▸ **DIRECTIONS FOR THIS TASK**
Skip the pictures. Transcribe exactly the lines from the line containing "Профиль используется с четырехшарнирными" to the end of the listing.

▸ **DATA EXTRACT**
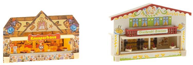 2 weitere Buden, als Knusperhäuschen und Brathendl-Station zu gestalten. Es liegen Frontdekorbilder und Ausschmückungsteile bei. Die Stände sind mit Art. 180671 beleuchtbar.
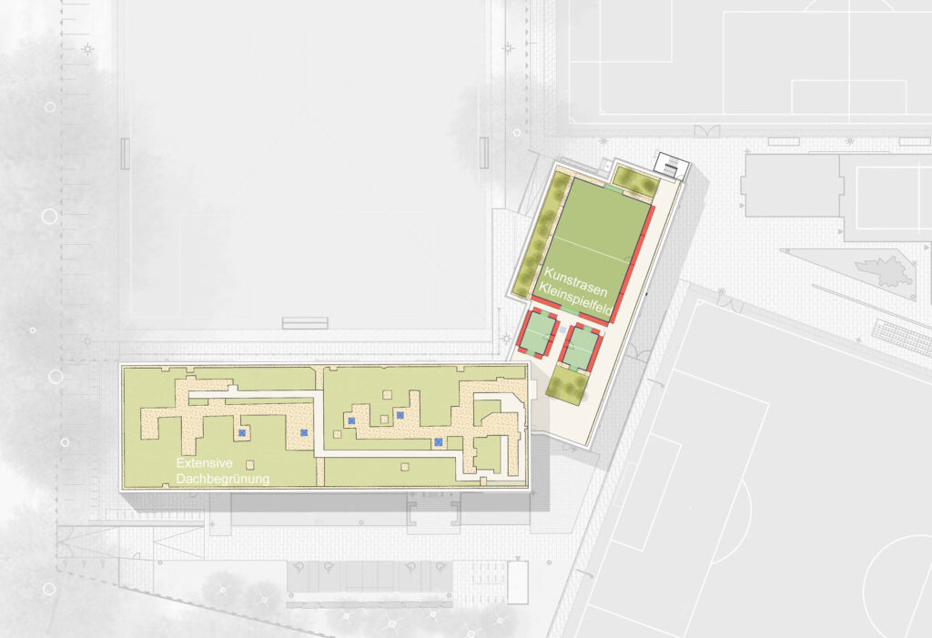 Zum Projekt gehörte außerdem der Umbau und die Sanierung der Tennisanlage. Ein besonderes Merkmal bildet die extensive Dachbegrünung mit Minisportfeldern. Sie übernimmt ökologische Funktionen wie Regenwasserrückhalt und ergänzt die sportliche Nutzung.
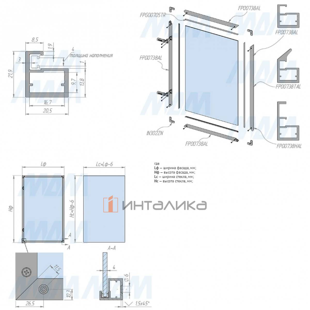 Профиль используется с четырехшарнирными петлями и уголками для узкого рамочного профиля.
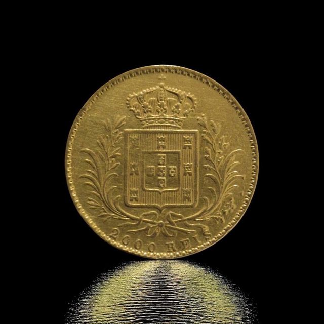 Detalhes do produto2000 Reis de Portugal de 1864. Moeda de Ouro 22K (toque 917‰) com 3,55g.

▸ **ANSWER SECTION**
 Профиль используется с четырехшарнирными петлями и уголками для узкого рамочного профиля.
 Detalhes do produto2000 Reis de Portugal de 1864. Moeda de Ouro 22K (toque 917‰) com 3,55g.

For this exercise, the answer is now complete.